Question

Inconsistent Dirichlet-multinominal coefficient and Beta-Binominal coefficient for a transcript in DTU analysis.

0

Entering edit mode

wangziwei0010 ▴ 10

@18a9ad04

Last seen 8 months ago

Singapore

Dear rnaseqDTU & DRIMseq community,

I am performing Swimming downstream , and I want to confirm those transcripts overused in condition A compared with condition B. So I went looking for some metrics similar to logFC in DESeq2 and I found coefficient() function on dmDStest could give me a 'regression coefficient' for each transcript enter image description here

I'm not statistician and I hope I understand it correctly, that:

coefficient(dmDStest) gives trasncript level coefficient using Dirichlet-multinominal (DM) model,
coefficient(dmDStest, level = "feature") gives trasncript level coefficient using Beta-Binominal (BB) model

then I extracted all transcripts with a padj < 0.05 (follow this post) and plot DM coef and BB coef at x- and y-axis.
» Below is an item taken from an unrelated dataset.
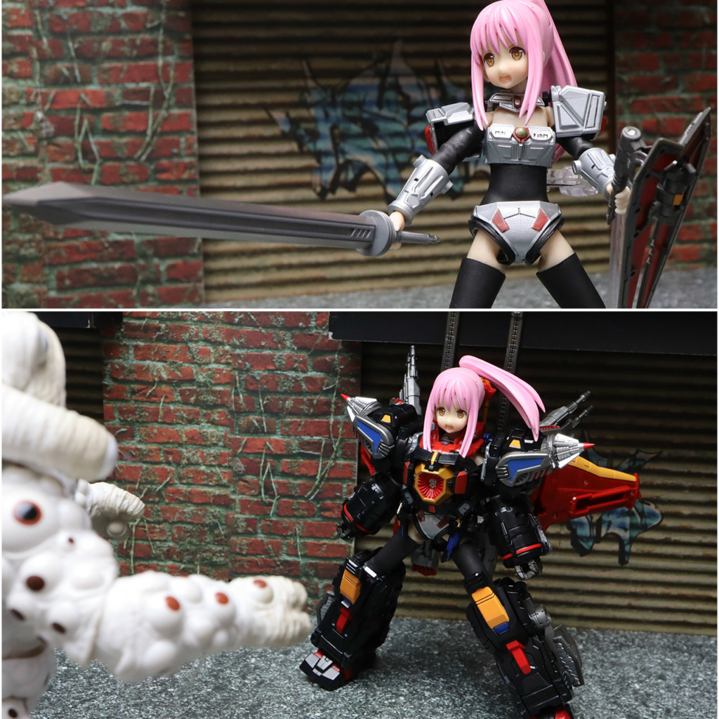 アーマーの上からバトルハンガーを本来の合体とほぼほぼ同じような感じで装着できます。

I found:

many transcripts showed DM coef that equal 0
some transcripts showed DM coef and BB coef with incosistent sign.

I would like to ask:

if it using the sign of the coef to define the direction of DTU in different condition resonable (just like log2FC in DESeq2 analysis)
If resonable, which coef should I use to determine the direction of DTU in different condition?
How to deal with those transcripts with inconsistent coef?
could I say that the higher the coeffcient, the higher the overusage?

Best regards,

Wang

enter image description here

rnaseqDTU DRIMSeq • 1.0k views

ADD COMMENT • link 3.0 years ago wangziwei0010 ▴ 10

score 2 · Answer 1 · 2022-07-08

Yes, you are correct AFAIK about the two coef tables. In the DRIMSeq vignette, they have:

Transcript-level analysis based on the beta-binomial model. In this case, each transcript ratio is modeled separately assuming it follows the beta-binomial distribution which is a one-dimensional version of the Dirichlet-multinomial distribution.
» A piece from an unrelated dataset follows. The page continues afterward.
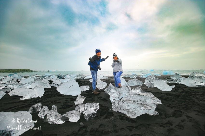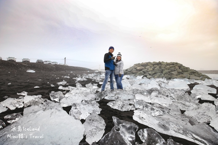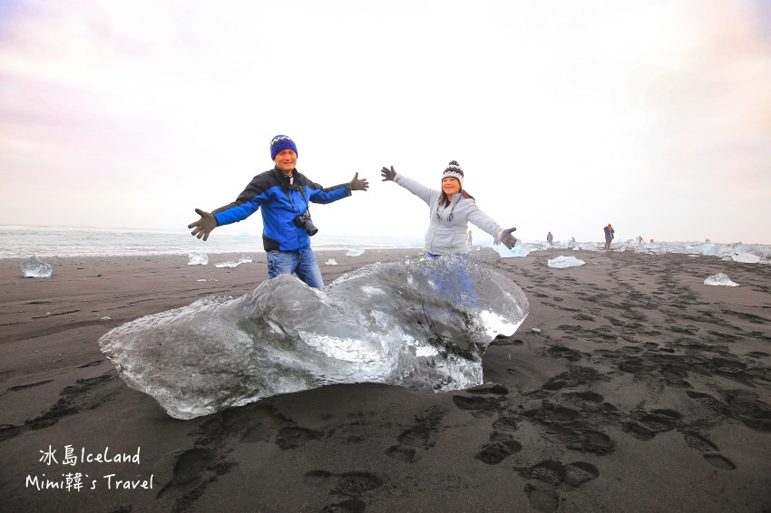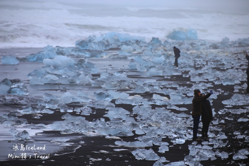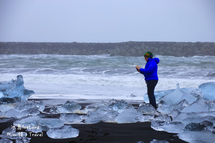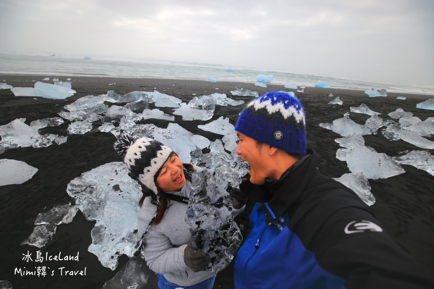 我們連續兩天都過來鑽石沙灘(Diamond Beach),因為第一天來的時候已經很晚再加上天氣海相都不好,再加上應該是漲潮時間,浪大的有點恐怖,想靠近冰塊拍照還得隨時注意準備跑路,現場看好幾個遊客為了拍照都被沖倒,幸好沒被捲下去,整個險象環生。但我家攝影師不死心,決定隔天早上再衝一波,所以會有兩組不同的照片,但可惜的是隔天天氣依舊不好,但至少可以下去玩冰塊了 😆

The way a DM model works, one level of the multinomial serves as a reference. This is why you get the 0 coefficient for one of the transcripts -- it is serving as the reference level. In fact the last level in whatever order they are provided to DRIMSeq is the one that is chosen if you check the source code:

https://github.com/gosianow/DRIMSeq/blob/master/R/dmDS_fit.R#L81

However, in the beta-binomial, it is testing each level vs all the others collapsed into one level. E.g. transcript T vs not T. Except in the special case of a two-transcript gene, then the coefficients will not be equal.

For simplicity of interpretation, I would use the BB coefficients for interpretation of the change in proportion per transcript.